Manny forced a nod, sudden unease crawling up his spine. The train felt too fast. The windows shuddered as if something outside wanted in.

The attendant raised the book. “Would you sign it? To Kevin and Archie?”

Manny obliged. His pen moved automatically.

Then a flicker of motion beyond the attendant’s shoulder caught his eye.

A girl sat in coach. Blue-and-green plaid uniform. Pigtails tied neatly.

The same girl. Unchanged by decades or death.

His heart thudded painfully.

The attendant followed Manny’s gaze. “Who’s that?”

“You see her too?” Manny whispered.

The girl stood. Not a threat—just a summons. Her voice reached him from across the cabin like breath against his ear.

“Come on, Manny. Your Big Momma’s waitin.”

Wind screamed along the outside of the train. Metal groaned. Darkness swallowed the lights until the cabin faded to nothing but shadow.

The attendant dissolved into the void. And Manny followed the girl down the narrow aisle toward whatever waited at the end of the line.

Three Years Later

Pawpaw—James Gabriel Hudson—sat on the porch he once shared with Clara Jean, letting the sun warm his eyelids. Grief had worn him thin, made him smaller. Every July, memory cracked open like a bruise.

His wife had gone first, slipping away quietly in her sleep.

His grandson followed, taken in the Delta Concorde train disaster. Pawpaw still woke sometimes hearing that final whistle, even though trains rarely came through now.

He looked for signs. He always had. Manny once told him that the dead never wandered far from the ones they loved.

So when Pawpaw found the old missing-girl poster snagged in a willow tree on his land—a girl with pigtails and a Catholic uniform, long vanished from the world—he understood it wasn’t coincidence. It was a message. A breadcrumb from beyond.

That afternoon, a FedEx truck rumbled down his road. Pawpaw wasn’t expecting a thing.

“You Mr. Hudson?” the driver asked, handing over a Tyvek envelope warped with water damage and soot

“Yes sir.”

Inside, Pawpaw found a book—half-burnt, edges curled, pages stiff with soot. They All Belong to Him, by Manny Hudson.
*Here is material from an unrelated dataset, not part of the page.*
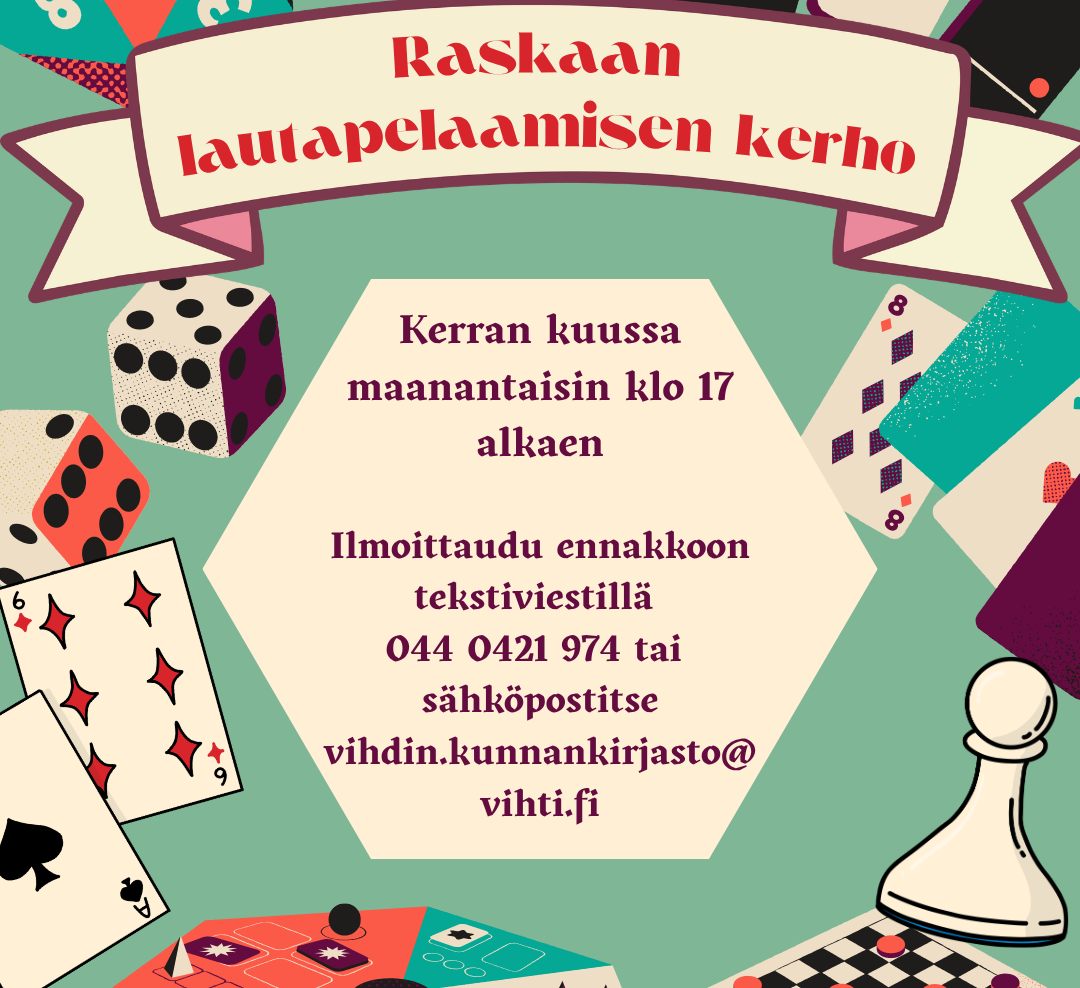 Raskaan lautapelaamisen kerho kokoontuu Vihdin pääkirjaston monitoimitilassa kuun ensimmäisenä maanantaina klo 17 alkaen. Voit ilmoittautua mukaan laittamalla tekstiviestiä numeroon 044 0421 974 tai sähköpostia vihdin.kunnankirjasto@vihti.fi.

A letter was scrawled on the inside cover, written in Manny’s unmistakable hand, shaky but steady enough.

To my dearest Pawpaw,

I’m on the train, but I don’t believe I’ll make it home to bury Big Momma.

She’s tellin’ me we’ll be waiting for you.

Eternal love always,

Your grandboy, Manny.

As Pawpaw read the words, a train whistle echoed faintly across the fields—soft, impossible, and full of promise.

He closed the book against his chest.

“They all belong to Him,” he whispered, voice trembling with grief and peace.

And Pawpaw understood at last:

his family would always be together, bound across worlds by a gift neither time nor death could break.